Note: Psychologist Harvey Schwartz has authored what I believe to be the most scholarly treatise on coerced perpetration, internalized perpetration, and psychological processes that heal and transform in his book, The Alchemy of Wolves and Sheep: A Relational Approach to Internalized Perpetration in Complex Trauma Survivors (2013, Routledge). When I sent this article to him, he sent back these inspiring words:
We have a need as healers/witnesses/documenters to transform compassionate witnessing into action and to convert the vicarious and secondary post traumatic stress (related to holding unrecognized meaningless human torment and atrocity in our hearts and minds) into meaningfulness, meaningful relatedness and action aimed at societal transformation. The healing of coerced perpetration trauma is indeed the deep end of the trauma pool. And, while there are no simple recipes for that task, it is in my opinion, a combination of excellent dynamic trauma work coupled with deep contextualization, normalization, universalization, plus the deep humanity and non-hierarchical process of the therapy, that taken together over time (with love, comedy, and art and spirit if possible in the mix) can lead survivors out of the matrix of self-hatred and confused identification over time, time, time.
VII. The Law and Coerced Perpetration
Foundational legal principles, beginning in English Common Law, the historical roots of American law, all the way back to the English House of Commons in 1680, attribute guilt to persons who use other persons to commit a crime and excuse from guilt persons who were coerced to participate..
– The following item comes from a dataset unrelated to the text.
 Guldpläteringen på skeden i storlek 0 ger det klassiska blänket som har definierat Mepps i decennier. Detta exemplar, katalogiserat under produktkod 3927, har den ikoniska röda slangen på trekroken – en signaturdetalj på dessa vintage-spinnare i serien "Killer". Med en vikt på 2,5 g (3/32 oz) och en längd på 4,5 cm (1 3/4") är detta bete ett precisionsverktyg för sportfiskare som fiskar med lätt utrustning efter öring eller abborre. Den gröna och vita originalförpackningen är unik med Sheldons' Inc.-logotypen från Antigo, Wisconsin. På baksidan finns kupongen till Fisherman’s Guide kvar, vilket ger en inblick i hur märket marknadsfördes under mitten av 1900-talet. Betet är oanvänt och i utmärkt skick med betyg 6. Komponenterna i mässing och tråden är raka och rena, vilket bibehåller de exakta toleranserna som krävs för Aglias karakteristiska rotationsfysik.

The Historia Placitorum Coronae, The History of the Pleas of the Crown, is a legal treatise on the English common law by Sir Matthew Hale, Chief Justice of the King’s Bench from 1671 to 1676 under King Charles II (See http://www.mindserpent.com/American_History/books/Hale/hist_pleas_crown/History_PC_001.pdf). Hale was a member of parliament under Oliver Cromwell before he became Chief Justice, the highest judge in England, comparable to Chief Justice of the United States Supreme Court. He was highly respected as fair and honest by people on both sides of the English Civil War– cavaliers and roundheads.
Chief Justice Hale was unable to finish preparing his treatise for publication before his death in 1676, so the English House of Commons ordered a committee of legal scholars to complete his authoritative and foundational work, funded by Parliament, and published in 1680.
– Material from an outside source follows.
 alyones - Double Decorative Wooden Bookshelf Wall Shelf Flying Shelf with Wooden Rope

Hale said in his two paragraphs on burglary (p. 555), paraphrasing from 17th Century English legal language:
If a grown man (who we are going to call “Mr. A” in this example) teaches a child of age seven or eight (or younger– but this is only implied) to go into people’s houses and steal from them, and then give the things he has stolen to Mr. A, it is Mr. A who has committed the crime, even though the child did all the actions.
Likewise, if the wife of Mr. A is threatened or coerced by her husband to steal from the house of Mr. B, it is Mr. A and not his wife who has committed the crime, even though his wife did all the actions. Mrs. A is excused from any criminal guilt because her husband coerced her actions.
These two paragraphs are stated as legal fact with no references to cases. The idea that coercion is an excuse to guilt is so well fixed in England’s ideas of crime and justice that it is unnecessary to cite legal precedent.
The key point of this foundational legal principle is that coercion is an “excuse from guilt,” not a “defense” for a criminal act. When people claim a defense, they are claiming: “Yes, I did the crime, but I should not be punished for it because of this defense,” e.g., “Yes, I took the things, but I only did so because I was tricked, so it would not be right to punish me.” When the law says that a person is excused from guilt, it is saying that the person never committed any crime in the first place. In the case of coerced perpetration, it is saying: The person carries no guilt because someone else used the person’s actions to commit his or her crime.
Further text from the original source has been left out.